The thermodynamic modeling of the phases quantitative relations in the process of the carbothermic -SiC synthesis

The unique properties of silicon carbide in the form of ultrafine powders make it widely used as various fillers and alloys modifiers, ceramic and metal-ceramic materials, protective coatings for various purposes. Currently, almost all ultrafine silicon carbide powder is obtained from α-SiC modification, synthesized by Acheson multistage technology. The current trend in the development of SiC synthesis technologies is aimed to obtain the silicon carbide powders from 3C-SiC(β) modification, which has more attractive characteristics. This aspect determines the research relevance, focused on the development and testing of effective production technologies of ultrafine powders from 3C-SiC(β) silicon carbide modification.

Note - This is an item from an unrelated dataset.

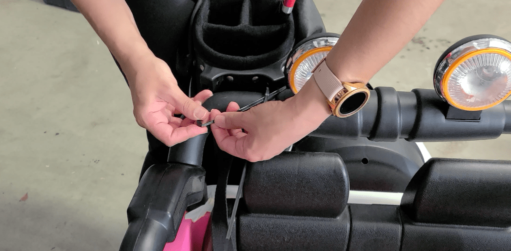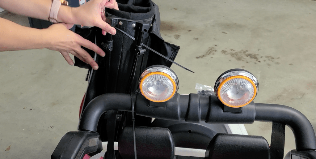 Next, I attached the kids golf bags to the back of the jeep using three long zip ties for each bag. I attached the first zip tie around the back bar of the jeep.

In this work, the thermodynamic modeling of phase equilibria are presented for Si-O-C system with C-SiO2 section in the temperature range 1400-1900 °C at different ratios of carbon and silicon oxide. For this calculations, the possible formation of gas phase and liquid silicon, carbon and silicon oxide in the system was taken into account. The ratios of main components, as well as the gases volume and composition formed during the synthesis are theoretically determined. In accordance to phase diagrams, the formation of gaseous interaction products is observed only at temperatures above 1514 °C. Carbon monoxide is determined as the main component of the gas mixture formed during the synthesis in the reaction zone. Other components of the gas mixture include silicon monoxide and carbon dioxide. The content of other components, among which silicon-containing ones prevail, is insignificant. With the ratio C/(SiO2+C) ≥ 0.37 in the gas phase, there is an abrupt decrease in the content of all impurity gases. The obtained data provide a theoretical basis for the selection of optimal conditions in order to form of a stable autonomous protective atmosphere during the carbothermal synthesis of 3C-SiC(β) silicon carbide modification. It provides a reliable theoretical basis of an energy-efficient carbothermal method for the synthesis of micro-dimensional SiC from pure natural quartz and graphite without the use of an external protective atmosphere.